# Exercise instructions
Nothing but the lines below from the one with "近日,我校向名企面包新语推荐" through the one with "Друзья! 4 февраля" should be output, each exactly as given, and no pictures.

# Excerpted records
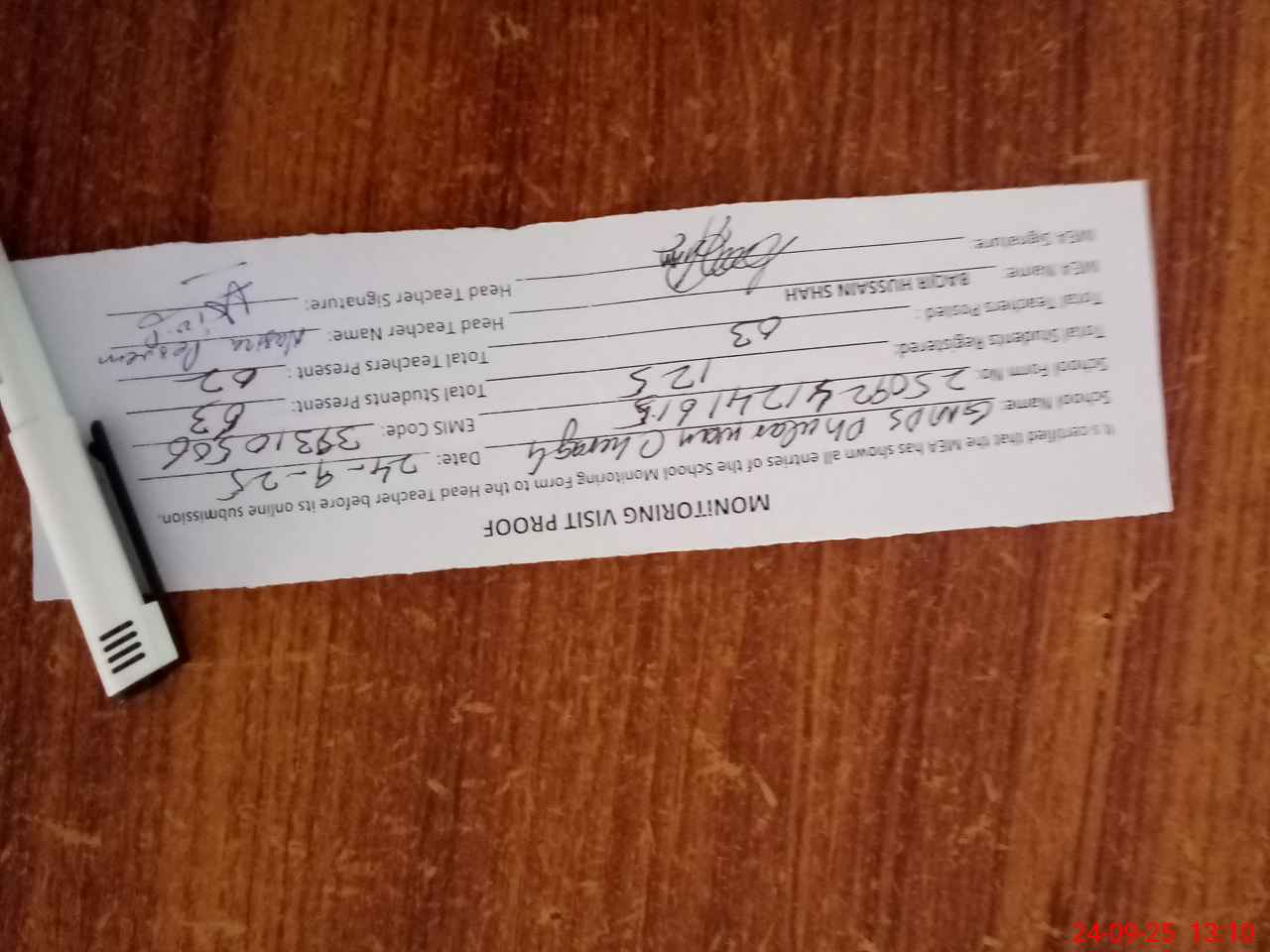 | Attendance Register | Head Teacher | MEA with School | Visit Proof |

---

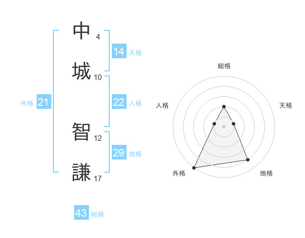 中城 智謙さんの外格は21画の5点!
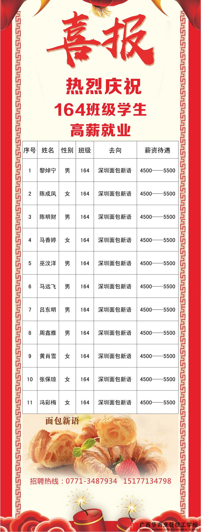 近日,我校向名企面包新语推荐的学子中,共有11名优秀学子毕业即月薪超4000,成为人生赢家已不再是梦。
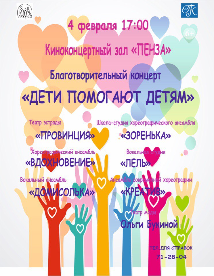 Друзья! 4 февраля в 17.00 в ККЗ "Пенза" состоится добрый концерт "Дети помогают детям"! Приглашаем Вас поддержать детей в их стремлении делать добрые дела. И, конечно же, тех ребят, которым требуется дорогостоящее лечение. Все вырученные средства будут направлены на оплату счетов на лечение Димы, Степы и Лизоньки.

# Written solution
 近日,我校向名企面包新语推荐的学子中,共有11名优秀学子毕业即月薪超4000,成为人生赢家已不再是梦。
 Друзья! 4 февраля в 17.00 в ККЗ "Пенза" состоится добрый концерт "Дети помогают детям"! Приглашаем Вас поддержать детей в их стремлении делать добрые дела. И, конечно же, тех ребят, которым требуется дорогостоящее лечение. Все вырученные средства будут направлены на оплату счетов на лечение Димы, Степы и Лизоньки.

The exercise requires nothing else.